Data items
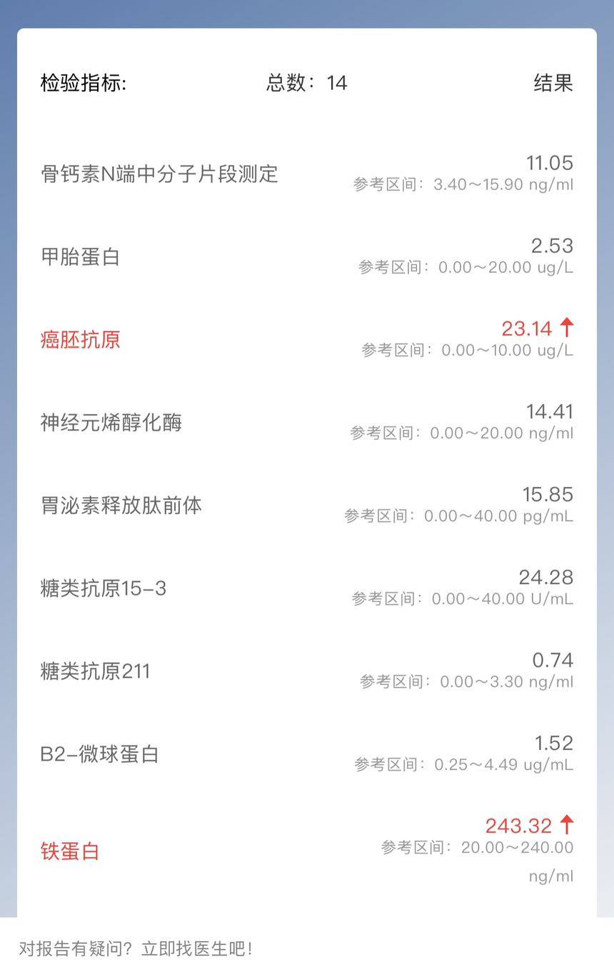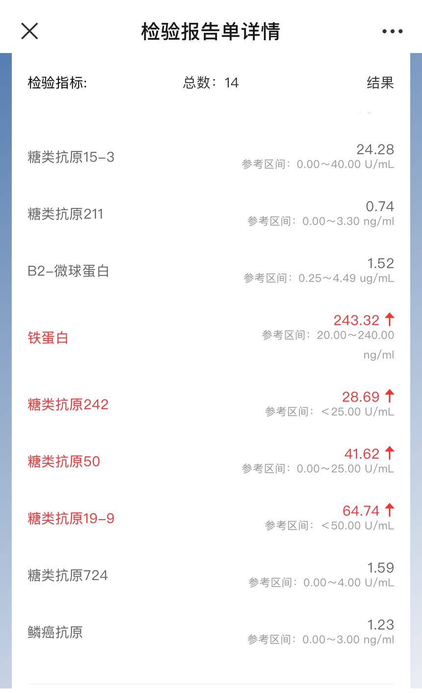 1/18入院今天终于出院了,这次复查结果非常不理想!颈部淋巴肿大翻倍了,癌胚抗原也上升很多,心里真的很难受!这次通过和医生沟通才突然知道我老公的肺腺癌是伴肠化,其实对化疗并不敏感,但是不管怎么样他去年一年还是比较稳定的了,没想到开年就给我重重的一击!其实去年一开始确诊我就知道他是伴肠化,但是当时医生没有说他这个属于罕见类型,所以我以为并不严重!上个月由于换药白紫无效也耽误了一个月的时间!现在医生用了伊立替康,这个化疗药物是针对肠癌的,但愿有效果吧这个方案也是肺科医院的教授周彩存定的方案。如果大咖定的方案还是无效,那就真的只能接受死亡了?周三约了放疗医生,接下来看看是不是可以改变一点,阿弥陀佛保佑🙏愿大家都能顺顺利利!
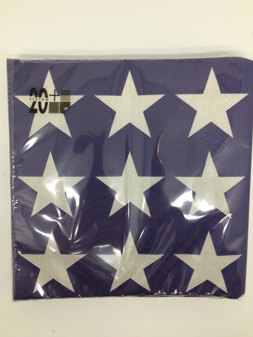 Lautasliina, Stars, cream / blue. Servettien koko 33 x 33 cm. Paketissa on 20 kpl servettejä. Kompostoitava.
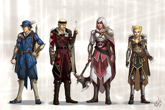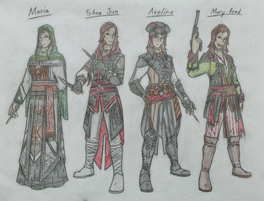 Some of the other side characters that play a role in my new AC fanfic, “Nothing Less”. I might make full reference sheets for these guys one day (Though Ava already has two XD) but for now I'll just give a short little mini-bio for each one.
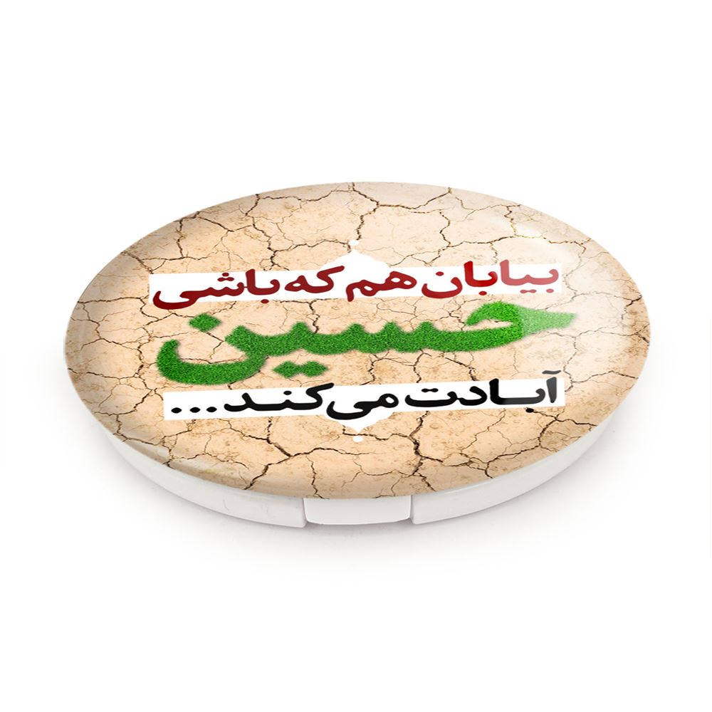 آینه های تاشو محرم بیابان هم که باشی حسین آبادت می کند خندالو، از جنس پلاستیک فشرده ABS تولید شده و به رنگ سفید می باشد. یکی از آینه ها ابعاد واقعی را نشان داده و دیگری با قابلیت بزرگنمایی، جزئیات را بهتر نمایش می دهد. ابعاد هر یک از آینه ها، دایره ای به قطر 7.5 سانت می باشد که نه خیلی بزرگ و غیر قابل استفاده در کیف آرایشی ست و نه خیلی کوچک که تصویر خاصی در آن مشاهده نشود. آینه تاشو محرم بیابان هم که باشی حسین آبادت می کند سایزی استاندارد و کارآمد دارد و در هر کیفی جا میگیرد. چاپ طرح بوسیله چاپگرهای دیجیتال شش رنگ با شفافیت و کیفیتی مثال زدنی بر روی یک وجه از بدنه ی آینه انجام گرفته و با روکش لمینت حرارتی پوشیده شده که در مقابل آسیب و خط و خش مقاوم بوده و کیفیت بالایی دارد. درب آینه بوسیله قفل بدنه ی آن، باز نمی ماند و کاملا بسته می شود و مناسب قرار گیری در کیف لوازم آرایش و کیف های کوچک دستی نیز هست. آینه های تاشو محرم بیابان هم که باشی حسین آبادت می کند خندالو با تنوع طرحی بسیار بالا، سلیقه هر نوع مخاطبی را تامین میکند.
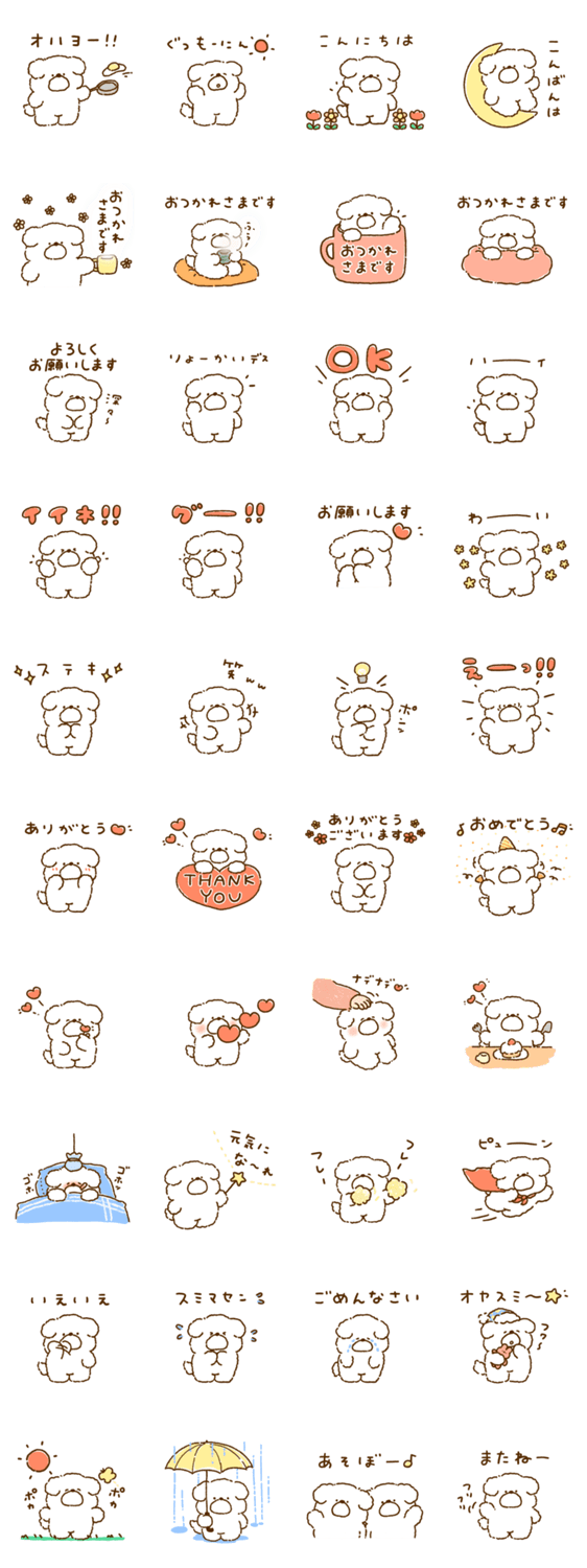 ふわふわとした犬のフラッフィークリーム。 敬語/挨拶/毎日/日常/いぬ/犬/イヌ/癒し/ゆるかわ/北欧/かわいい/ほんわか/動物/便利/ほのぼの/ほっこり/気遣い
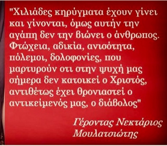 Σε δεύτερη ανάρτηση, γίνεται αναπαραγωγή αποσπάσματος από κείμενο του γέροντα Νεκτάριου Μουλατσιώτη, στο οποίο αναφέρει: «Χιλιάδες κηρύγματα έχουν γίνει και γίνονται, όμως αυτήν την αγάπη δεν την βιώνει ο άνθρωπος. Φτώχεια, αδικία, ανισότητα, πόλεμοι, δολοφονίες, που μαρτυρούν ότι στην ψυχή μας σήμερα δεν κατοικεί ο Χριστός, αντιθέτως έχει θρονιαστεί ο αντικείμενός μας, ο διάβολος».
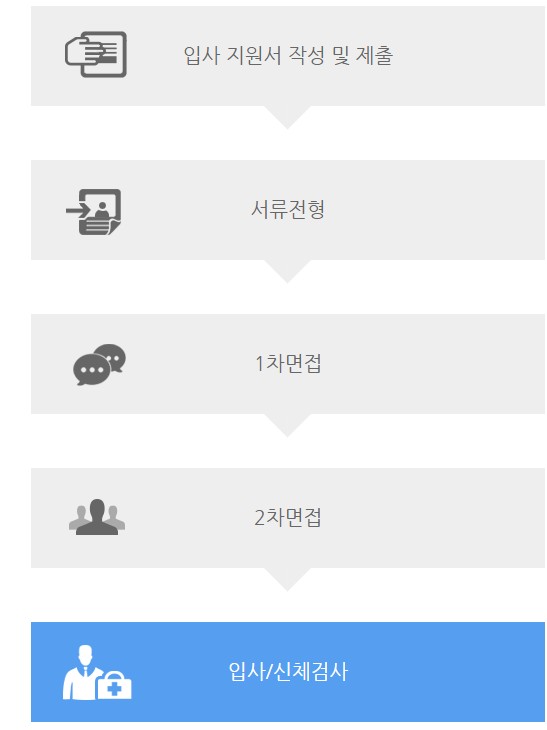 기본적으로 채용절차는 입사지원서 작성제출휴 서류전형-1차면접-2차면접-신체검사까지 진행됩니다.
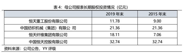 新型纖維材料是公司拓展的新業務,與紡織機械業務有協同效應,但開發成本較大、常規產品產能過剩,盈利能力不穩定,截至2019年末資產規模68.0億元,2019年實現凈利潤凈2.4億元;房地產業務較為穩定,截至2019年末,共有6個在售房地產項目,截至2020年3月末,共有5塊未開發土地,對營業收入形成補充;投資業務方面,恒天投資主要負責為集團內各子公司進行股權投資業務,恒天控股為集團境外融資及資本運作平臺。
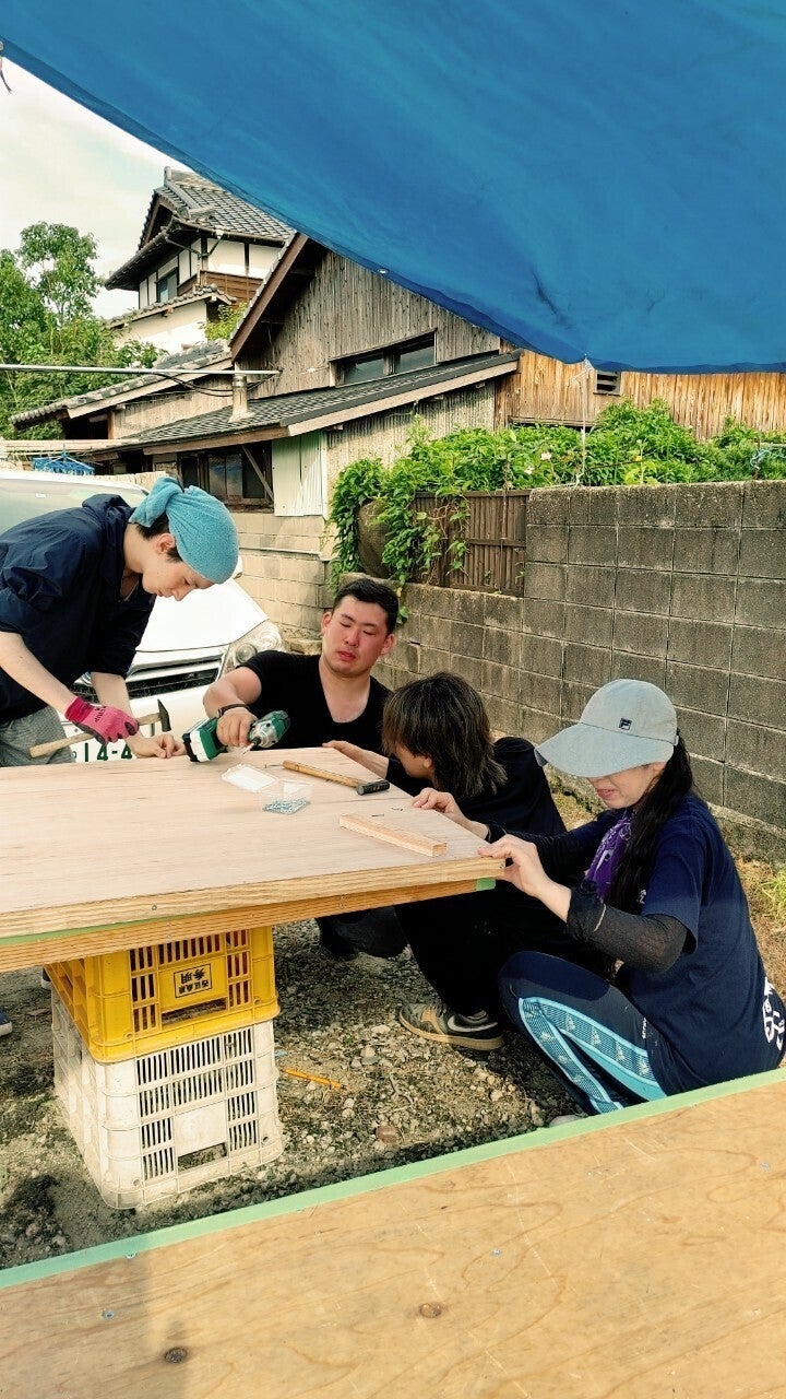 舞台上の演出のための大道具も自分たちで制作しています。梅雨の時期は屋内で、晴れ間がみえたら、炎天下の屋外で作業をしています。部分パーツを創り、舞台上で立ち上げるので、大掛かりなセットになります。今年はどんな舞台装置が現れるのか!お楽しみに~!
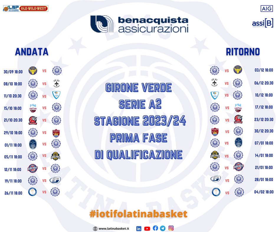 Basket maschile serie A2: la Lega Nazionale Pallacanestro ha ufficializzato i calendari. Il Latina Basket – inserito nel Girone Verde - esordirà domenica 1° Ottobre in casa del Torino. La prima giornata della regular season andrà in scena sul parquet del “Pala Gianni Asti”. I nerazzurri ancher quest’anno saranno guidati da Coach Di Manno.
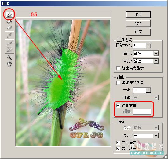 Photoshop抽出滤镜在复杂背景下抠毛毛虫教程
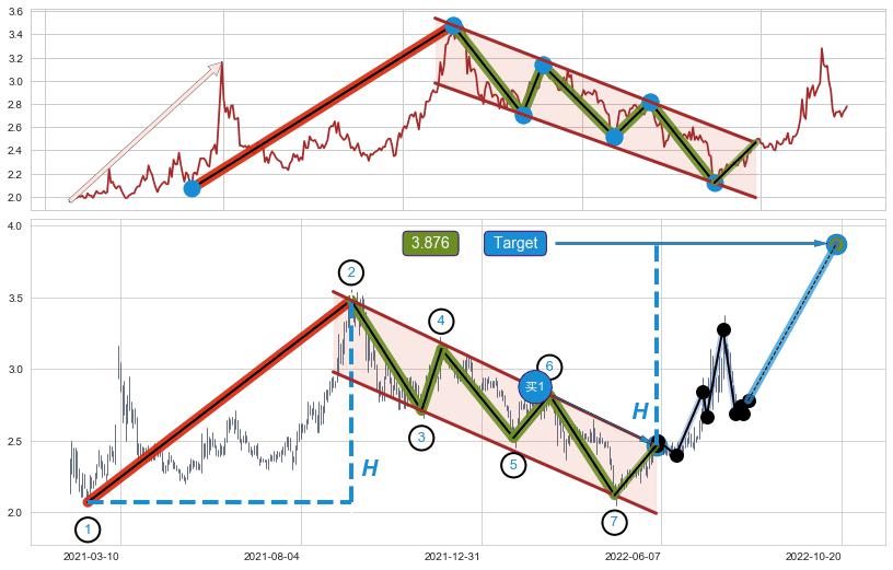 ➣ 最小中继整理涨幅→𝐇: 1.4100 (𝐇旗杆的长度:旗杆起点→顶点)

--- Task goal ---
Without the images, write out all of the records exactly.

--- Your solution ---
 1/18入院今天终于出院了,这次复查结果非常不理想!颈部淋巴肿大翻倍了,癌胚抗原也上升很多,心里真的很难受!这次通过和医生沟通才突然知道我老公的肺腺癌是伴肠化,其实对化疗并不敏感,但是不管怎么样他去年一年还是比较稳定的了,没想到开年就给我重重的一击!其实去年一开始确诊我就知道他是伴肠化,但是当时医生没有说他这个属于罕见类型,所以我以为并不严重!上个月由于换药白紫无效也耽误了一个月的时间!现在医生用了伊立替康,这个化疗药物是针对肠癌的,但愿有效果吧这个方案也是肺科医院的教授周彩存定的方案。如果大咖定的方案还是无效,那就真的只能接受死亡了?周三约了放疗医生,接下来看看是不是可以改变一点,阿弥陀佛保佑🙏愿大家都能顺顺利利!
 Lautasliina, Stars, cream / blue. Servettien koko 33 x 33 cm. Paketissa on 20 kpl servettejä. Kompostoitava.
 Some of the other side characters that play a role in my new AC fanfic, “Nothing Less”. I might make full reference sheets for these guys one day (Though Ava already has two XD) but for now I'll just give a short little mini-bio for each one.
 آینه های تاشو محرم بیابان هم که باشی حسین آبادت می کند خندالو، از جنس پلاستیک فشرده ABS تولید شده و به رنگ سفید می باشد. یکی از آینه ها ابعاد واقعی را نشان داده و دیگری با قابلیت بزرگنمایی، جزئیات را بهتر نمایش می دهد. ابعاد هر یک از آینه ها، دایره ای به قطر 7.5 سانت می باشد که نه خیلی بزرگ و غیر قابل استفاده در کیف آرایشی ست و نه خیلی کوچک که تصویر خاصی در آن مشاهده نشود. آینه تاشو محرم بیابان هم که باشی حسین آبادت می کند سایزی استاندارد و کارآمد دارد و در هر کیفی جا میگیرد. چاپ طرح بوسیله چاپگرهای دیجیتال شش رنگ با شفافیت و کیفیتی مثال زدنی بر روی یک وجه از بدنه ی آینه انجام گرفته و با روکش لمینت حرارتی پوشیده شده که در مقابل آسیب و خط و خش مقاوم بوده و کیفیت بالایی دارد. درب آینه بوسیله قفل بدنه ی آن، باز نمی ماند و کاملا بسته می شود و مناسب قرار گیری در کیف لوازم آرایش و کیف های کوچک دستی نیز هست. آینه های تاشو محرم بیابان هم که باشی حسین آبادت می کند خندالو با تنوع طرحی بسیار بالا، سلیقه هر نوع مخاطبی را تامین میکند.
 ふわふわとした犬のフラッフィークリーム。 敬語/挨拶/毎日/日常/いぬ/犬/イヌ/癒し/ゆるかわ/北欧/かわいい/ほんわか/動物/便利/ほのぼの/ほっこり/気遣い
 Σε δεύτερη ανάρτηση, γίνεται αναπαραγωγή αποσπάσματος από κείμενο του γέροντα Νεκτάριου Μουλατσιώτη, στο οποίο αναφέρει: «Χιλιάδες κηρύγματα έχουν γίνει και γίνονται, όμως αυτήν την αγάπη δεν την βιώνει ο άνθρωπος. Φτώχεια, αδικία, ανισότητα, πόλεμοι, δολοφονίες, που μαρτυρούν ότι στην ψυχή μας σήμερα δεν κατοικεί ο Χριστός, αντιθέτως έχει θρονιαστεί ο αντικείμενός μας, ο διάβολος».
 기본적으로 채용절차는 입사지원서 작성제출휴 서류전형-1차면접-2차면접-신체검사까지 진행됩니다.
 新型纖維材料是公司拓展的新業務,與紡織機械業務有協同效應,但開發成本較大、常規產品產能過剩,盈利能力不穩定,截至2019年末資產規模68.0億元,2019年實現凈利潤凈2.4億元;房地產業務較為穩定,截至2019年末,共有6個在售房地產項目,截至2020年3月末,共有5塊未開發土地,對營業收入形成補充;投資業務方面,恒天投資主要負責為集團內各子公司進行股權投資業務,恒天控股為集團境外融資及資本運作平臺。
 舞台上の演出のための大道具も自分たちで制作しています。梅雨の時期は屋内で、晴れ間がみえたら、炎天下の屋外で作業をしています。部分パーツを創り、舞台上で立ち上げるので、大掛かりなセットになります。今年はどんな舞台装置が現れるのか!お楽しみに~!
 Basket maschile serie A2: la Lega Nazionale Pallacanestro ha ufficializzato i calendari. Il Latina Basket – inserito nel Girone Verde - esordirà domenica 1° Ottobre in casa del Torino. La prima giornata della regular season andrà in scena sul parquet del “Pala Gianni Asti”. I nerazzurri ancher quest’anno saranno guidati da Coach Di Manno.
 Photoshop抽出滤镜在复杂背景下抠毛毛虫教程
 ➣ 最小中继整理涨幅→𝐇: 1.4100 (𝐇旗杆的长度:旗杆起点→顶点)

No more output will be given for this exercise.